Plasma Neutrophil Elastase and C4d Assay
Plasma neutrophil elastase in a complex with -protease inhibitor was determined with an automated homogeneous enzyme immunoassay (Merck, Darmstadt, Germany). Plasma C4d fragment assay measured the C4d-containing activation fragments of C4 (C4b, iC4b, and C4d). C4d fragment was measured by an enzyme-linked immunosorbent assay (Quidel, San Diego, CA).

F-Actin Content Assay
A 50-µL sample was fixed with formaldehyde, and the cells were permeabilized using IntraPrep (Immunotech Coulter, Marseilles, France).
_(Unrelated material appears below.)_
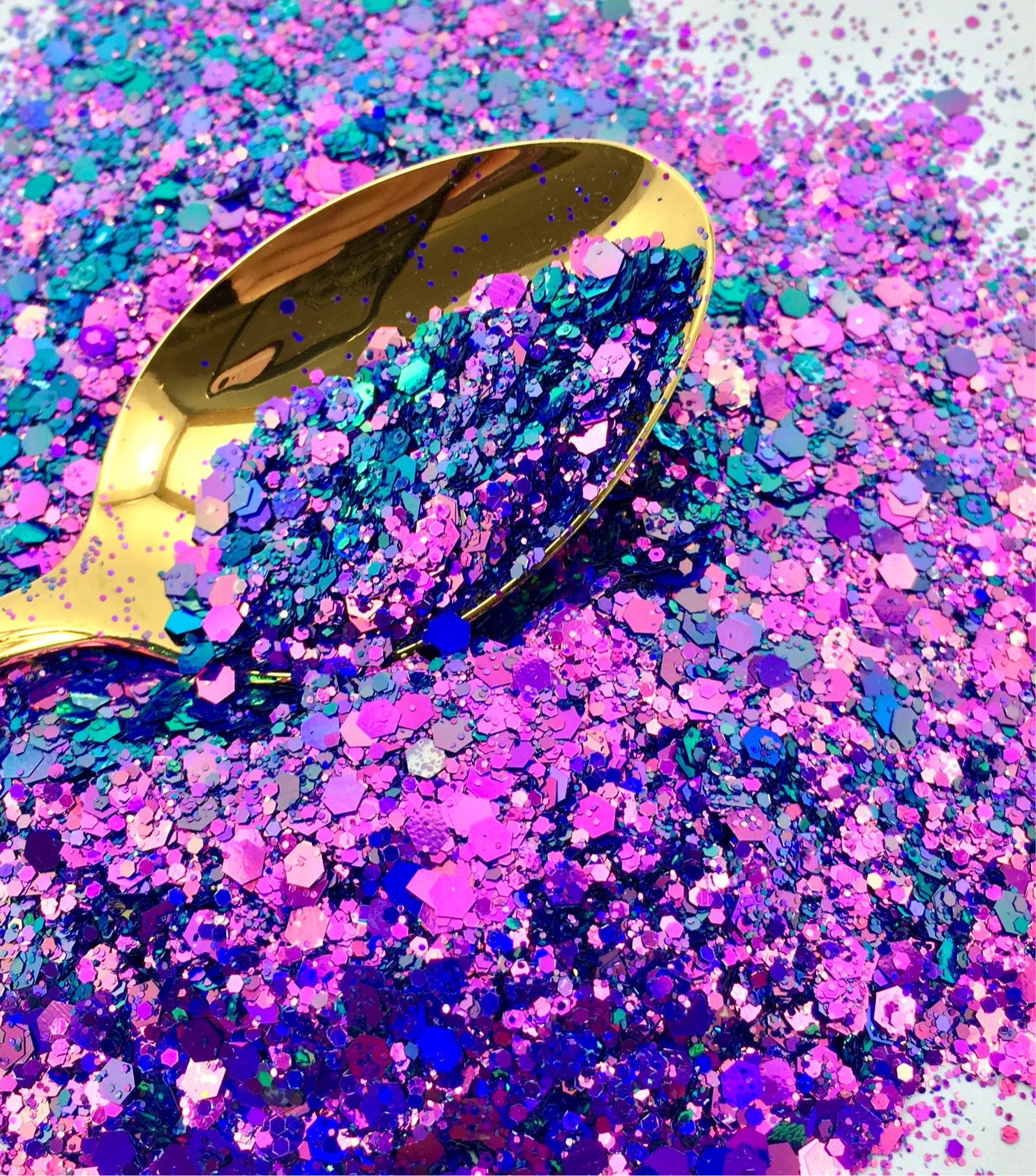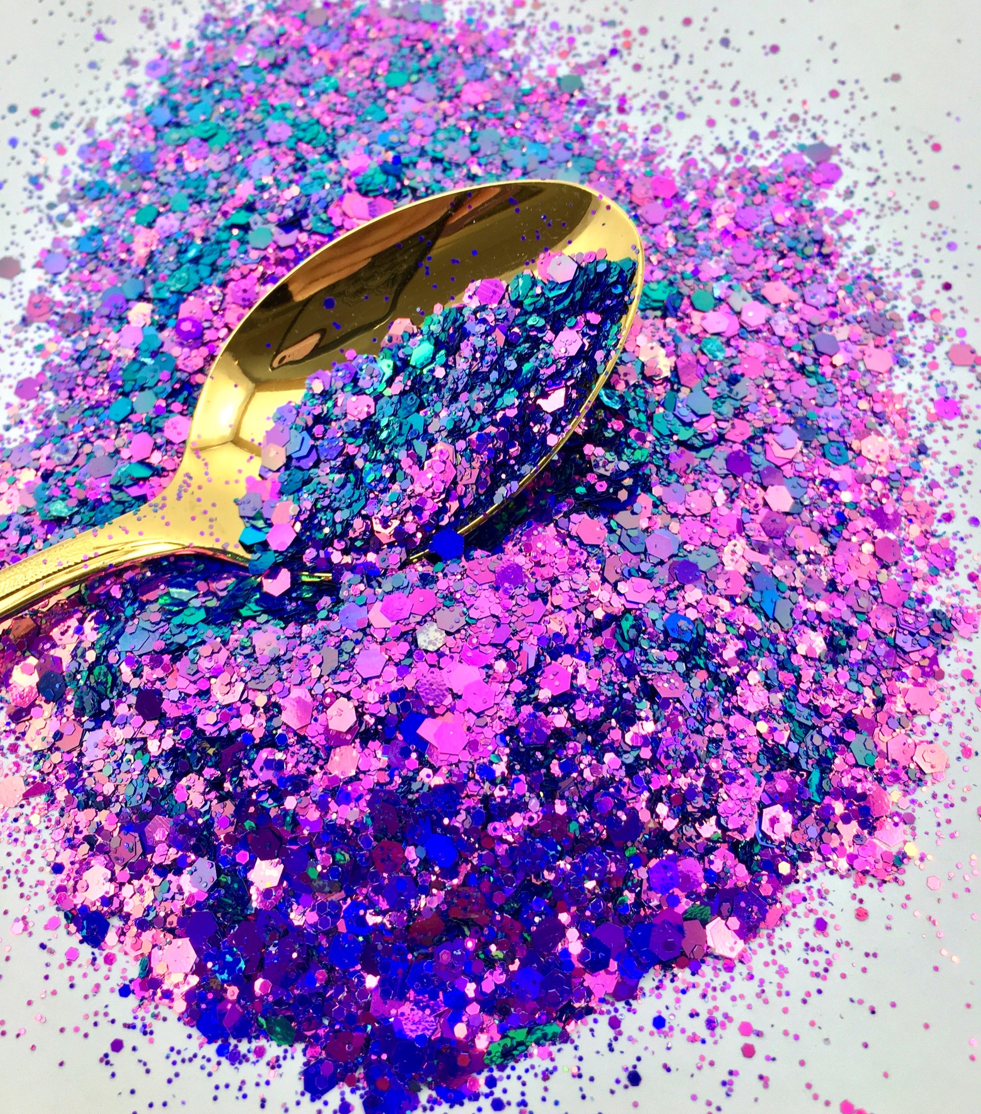 Pink and magenta with a teal shift. Chunky mix. All metallic and high sparkle. Truly a beautiful color shifting glitter!

Neutrophils were stained with BODIPY FL phallacidin (Molecular Probes, Eugene, OR). Cells were washed with phosphate-buffered saline solution, and the F-actin content was measured using a flow cytometer [9]. The F-actin content was expressed as the percentage change from the donor value.

Adhesion Molecules Assay
Changes in the surface expression of L-selectin and CD11b of neutrophils were measured as markers of neutrophil activation using flow cytometry, as previously described [9]. One hundred microliters of whole blood samples was incubated for 30 minutes with 2 mg/mL fluorescein isothiocyanate (FITC)-conjugated antihuman CD62L antibody (isotype: IgG1, kappa; BD Biosciences Pharmingen, San Diego, CA) and 1 mg/mL R-phycoerythrin (RPE)-conjugated mouse monoclonal anti-human CD11b antibody (isotype: IgG1, kappa; DAKO, Copenhagen, Denmark) at 4°C. Identical samples were incubated with FITC-conjugated monoclonal mouse IgG1, kappa antibody (DAKO), and RPE-conjugated monoclonal mouse IgG1, kappa antibody (DAKO) as negative controls. The erythrocytes were lysed for 60 seconds with Immuno-lyse, and leukocytes were fixed with Immuno-fix (Coulter Clone, Hialeah, FL). Neutrophils were identified by the typical forward-scatter and side-scatter pattern, and the expression of L-selectin and CD11b was measured as a mean fluorescent intensity of 5,000 cells. The changes of L-selectin and CD11b were expressed as the percentage changes compared with the donor value.

Microchannel Transit Time of Whole Blood
The transit time of whole blood through the silicon microchannel array was measured as a surrogate marker of neutrophil deformability and the rheologic impact by formed microaggregates. The detailed procedures and apparatus have been previously described [5, 10]. In short, the microgrooves in the silicon microchannel chip (Bloody-3S, 2600 channels; width, 6 µm; Hitachi Haramachi Electronics, Hitachi, Japan), which are close to the size of capillaries, were prefilled with saline solution. Blood samples were diluted with phosphate-buffered saline solution (1:1 by volume), and the suspension was made to flow through the microchannels under a pressure difference of 10 cm H₂O. The transit time for each 100-µL suspension was determined, and results were expressed as a percentage of the transit time of the donor samples. The blood passage through the channels was recorded on a video-microscope system.

Statistical Analysis
All values are expressed as mean ± standard error of the mean. One-way analysis of variance as compared with the donor value was used for within-group comparison. Comparison of two groups as a function of time was performed by analysis of variance with repeated measures. Data were further compared by the use of the post hoc tests with Bonferroni correction.

	Results

Top Abstract Introduction Material and Methods Results Comment Acknowledgments References

 
Changes in measured blood and plasma constituents and microchannel transit times during experiments are shown in Table 1. Neutrophil counts and hematocrit levels did not change significantly in either group throughout the recirculation (hematocrit data not shown). Platelet counts decreased to 23.0% ± 2.4% of the donor value by 120 minutes of recirculation in the control group. Nafamostat mesilate preserved platelet counts at more than 46% of the donor value. There were differences between the two groups at 30, 60, and 120 minutes (Fig 1A; p < 0.001 at all three data points). Platelet aggregation response to adenosine diphosphate was attenuated to 39.1% ± 4.0% of the donor value by 120 minutes in the control group. Nafamostat mesilate strongly inhibited platelet aggregation less than 14% of the donor value after 30 minutes. There were differences between the two groups at 0, 30, 60, and 120 minutes of recirculation (Fig 1B; p < 0.001, p < 0.001, p = 0.004, and p = 0.0014, respectively).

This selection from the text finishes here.